Cooperando no ministério sublime de Allan Kardec, os Espíritos Sábios e Benevolentes organizaram com o inesquecível missionário a codificação da doutrina consoladora, endereçada ao espírito sofredor da Humanidade. Todavia, Charles Richet, não obstante os títulos enobrecedores que lhe exornam a personalidade, faz a revisão dos ensinamentos espiritistas, criando a Metapsíquica para evidenciar a supremacia da dúvida. William Barrett, membro da Real Academia da Inglaterra, depois de agraciado pelas luzes do Plano superior, proclama que a emoção nervosa é a fonte dos acontecimentos supranormais e que ainda vem longe o tempo em que se possa provar a sobrevivência do ser humano, além da morte, através das manifestações mediúnicas. Ochorowicz, favorecido por elevadas inteligências desencarnadas, acompanha o gigantesco esforço dos Amigos Espirituais, que lhe facultam notáveis demonstrações; no entanto, em seguida ao prestigioso serviço das entidades invisíveis, declara que a levitação é produto da mecânica biopsíquica, de cujos centros promanam, segundo a teoria dele, os raios rígidos que movimentam os corpos sem contato. Experimentadores diversos, após receberem favores brilhantes do mundo invisível, propõem que a palavra “materialização” seja substituída pelo termo “ectoplasia”, para significar que o fenômeno não implica a intervenção de inteligências estranhas e sim o mero desdobramento do corpo físico em condições desconhecidas da energia nervosa.

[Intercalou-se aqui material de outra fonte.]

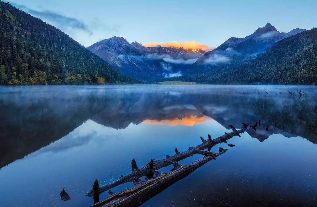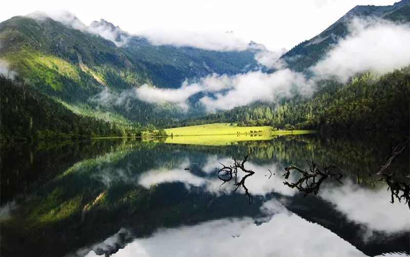 伍须海被当地人喻为“仙女梳妆的明镜”,原始森林和宽阔的草甸环绕湖泊,湖水碧绿透明,环境幽静。

Possui a Ciência infinitos recursos terminológicos para incentivar a dúvida nas almas. E quando surgem pesquisadores conscienciosos e sinceros, que não temem as consequências de sua lealdade à sabedoria, alastram-se as definições sarcásticas e chovem pedradas. Até hoje, aparecem pessoas interessadas em apresentar William Crookes e César Lombroso na categoria de papalvos, a quem os médiuns subtraíram as faculdades de observação diante da vida. Mesmo no Brasil, homens de vasta cultura e projeção social, como Bittencourt Sampaio e Bezerra de Menezes, foram tachados de palermas e loucos, o primeiro porque permutou a política engenhosa dos homens pela divina política do Evangelho e o segundo porque trocou os interesses financeiros dos médicos altamente remunerados pelos interesses eternos do espírito.

É muito difícil vencer o dragão da vaidade humana que monta guarda ao nosso patrimônio intelectual.

Ainda que homens respeitáveis e bem intencionados, como Richet, venham à zona do esclarecimento, colaborando, com êxito, na intensificação da cultura moderna, surge sempre uma brecha, aqui ou ali, por ande o monstro deita as garras de fora, revelando a deficiência de nossa edificação pessoal.

Essas maravilhosas inteligências, filiadas à hesitação sistemática, continuarão prejudicando o desenvolvimento dos germens da fé e adiando indefinidamente as realizações de um mundo espiritualizado; entretanto, passarão também no campo infinito da vida, dando lugar aos cientistas mais fortes e desassombrados. Que ninguém se perturbe, em face desses homens admiráveis pelo raciocínio, porque eles vão discutindo, duvidando e morrendo e os Espíritos Benevolentes e Sábios prosseguirão construindo, sem desânimo e sem inquietação, a Terra Melhor de amanhã.